Regarding the instruments, the Iranian astronomer Ali Ibn Isa (Ali ibn Isa al-Asturlabi) observed the sky from Baghdad in the 9th century and made the first astrolabes (Almincantarat, in Arabic). Recall that this instrument presents in its original version two projection planes including a polar projection. It allows to measure the height of the stars and to read the time according to the position of the stars or the Sun and thus to estimate the movement of the stars on the celestial vault.

With Chalid ben Abdulmelik, in 827 Ali Ibn Isa measured the length of the terrestrial degree from which he deduced the circumference of the Earth, obtaining according to the sources the value of 40248 km or 41436 km (very close to the current value of 40075 km) .

Arab astronomers also discussed the place and movement of the Earth in space, with some scholars already suggesting that not only the Earth was spherical but that it was spinning around itself and around the Sun. But ultimately these proposals will not be retained.

Abu Abd Allah Muhammad Al-Battani, better known as Albategnius, whose lunar crater pays homage to him, critical of the works of Ptolemy, invented a new theory of the world, a work he named Al-Zij (the Zij, derived from Zih meaning “rope” in Middle Persian). It was a compilation of astronomical tables that were mainly used by astrologers as well as by Arab and Indian astronomers until the 15th century. The Zij published later will borrow data from Indian and Greek astronomers and will enter the constitution of Toledo Tables compiled in Spain around 1080 that European astronomers will use until the 13th century where they will be updated in the Tables alphonsines to correspond to the positions of the planets in the system of Ptolemy.

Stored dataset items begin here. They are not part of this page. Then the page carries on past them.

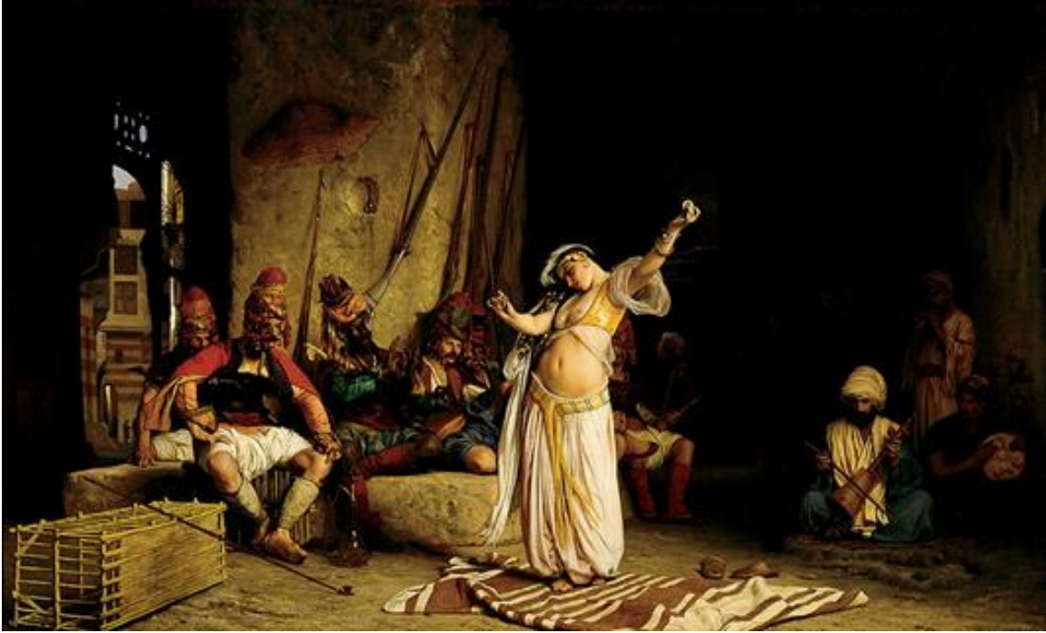
Görsel 4. Gerome, “The Dance of the Almeh” tuval üstüne yağlıboya, 1863, 63 x 84.3 cm, Dayton Art Institute, (URL4).
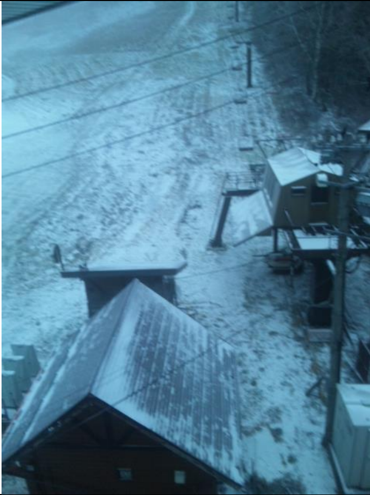
旅館からの風景。雪景色です。 06:58
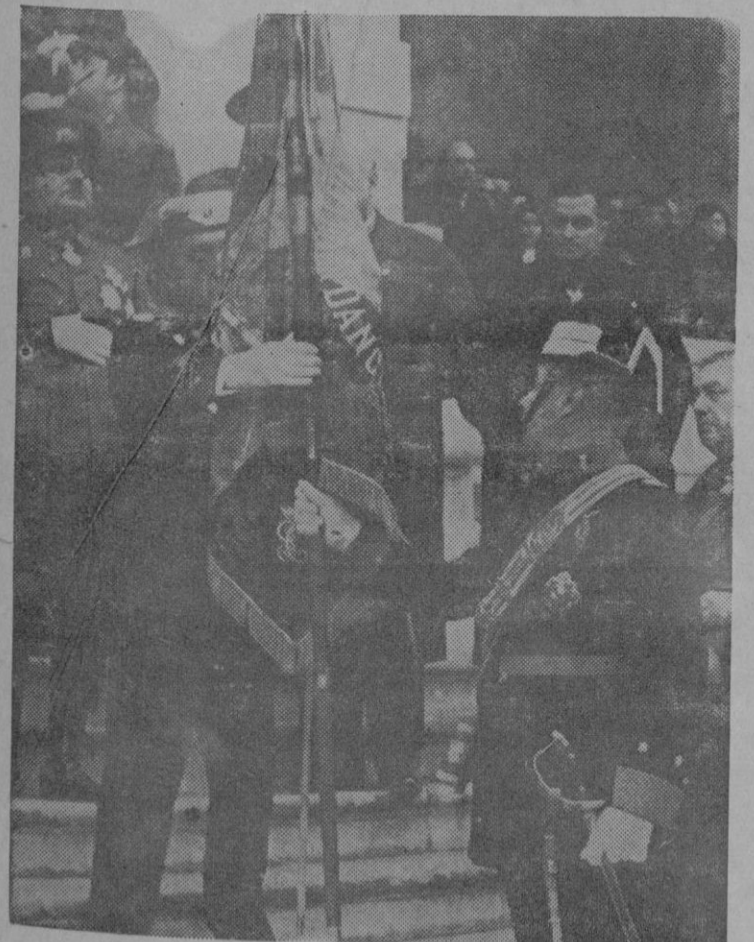
El abanderado recibe la bandera de manos del Jefe de la Comandancia
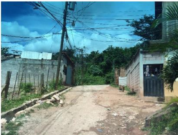
Vista de calle a pavimentar
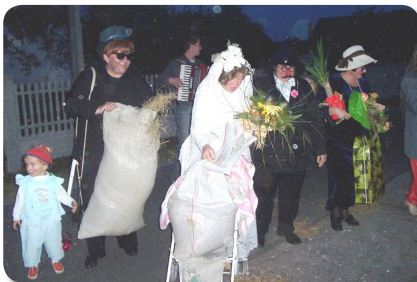
Polterabend w Spóroku
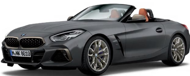
חבילת עיצוב חיצונית M Aerodynamics, קשתות התהפכות בשחור מבריק (Individual high-gloss Shadow Line) פריטי עיצוב חיצוניים ב-Cerium Grey ייחודי, חישוקי 19" דגם Double-spoke style 800 M Bicolor
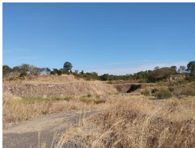
พื้นที่หน้าเมืองปัจจุบัน
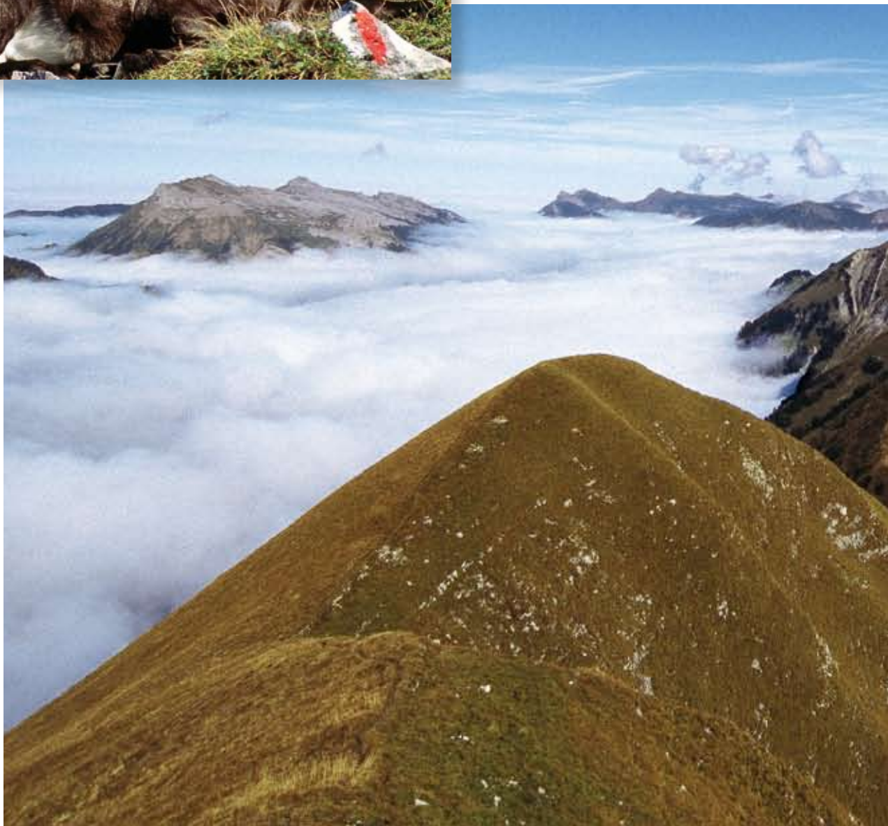
Weitsicht vom Augstmatthorn: Gleich einem Drachenrücken erhebt sich der Brienzerglat aus dem Nebelmeer.
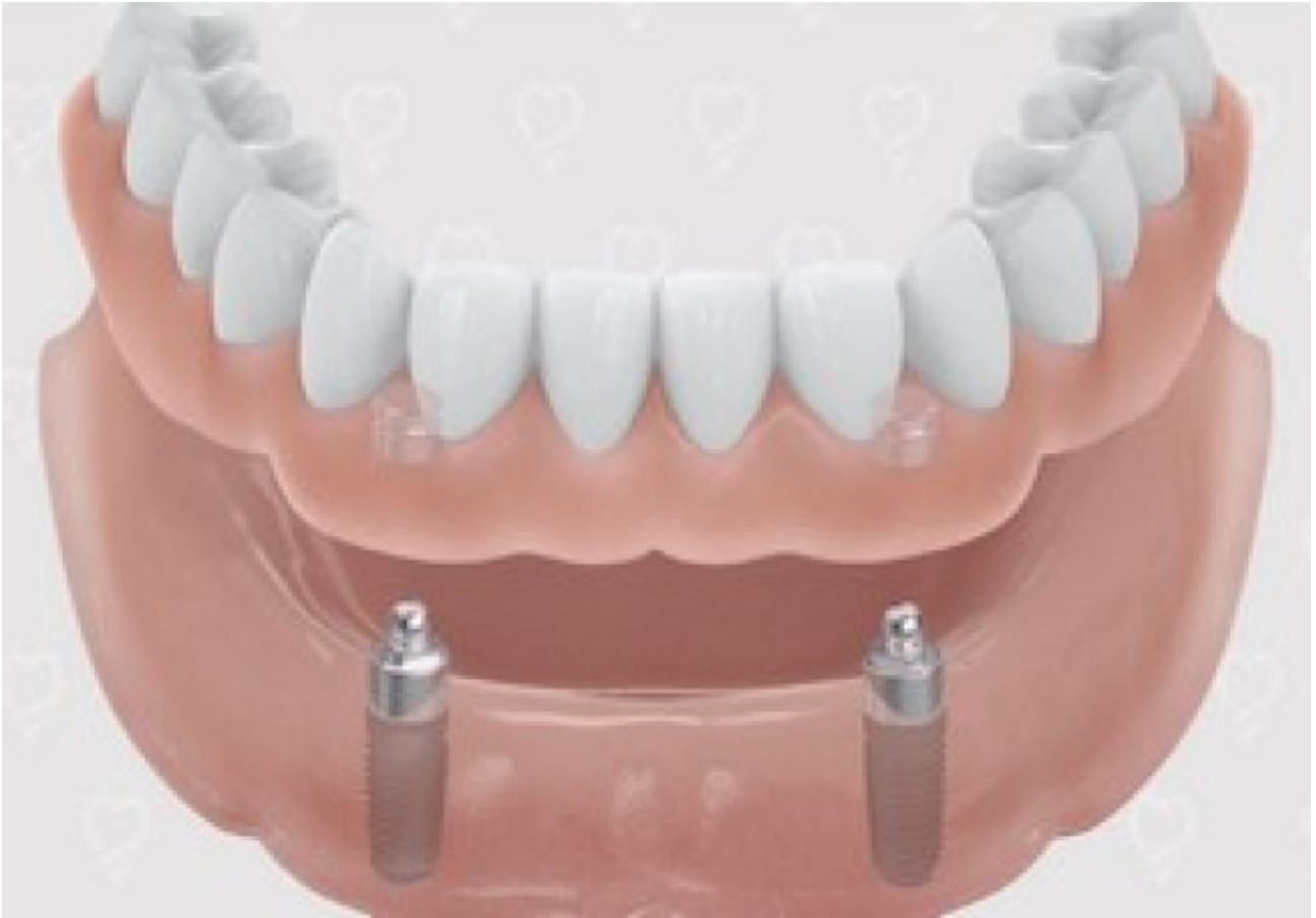
Uitneembare prothese bevestigd op drukknopen

Thanks to the armillary sphere and its large interlocking circles invented by the Greek Eratosthenes in 255 BCE (its name is derived from the Latin Armilla meaning “circle” or “bracelet”) and found in China at the same time, Albategnius discovered the inclination of the plane of the ecliptic on the celestial equator (23 ° 35 ‘) and the slow precession of the equinoxes, which in turn gives the place of a polar star to different stars. The celestial surveys he carried out brought precisions which soon ruined the theory of epicenters and deference of Ptolemy.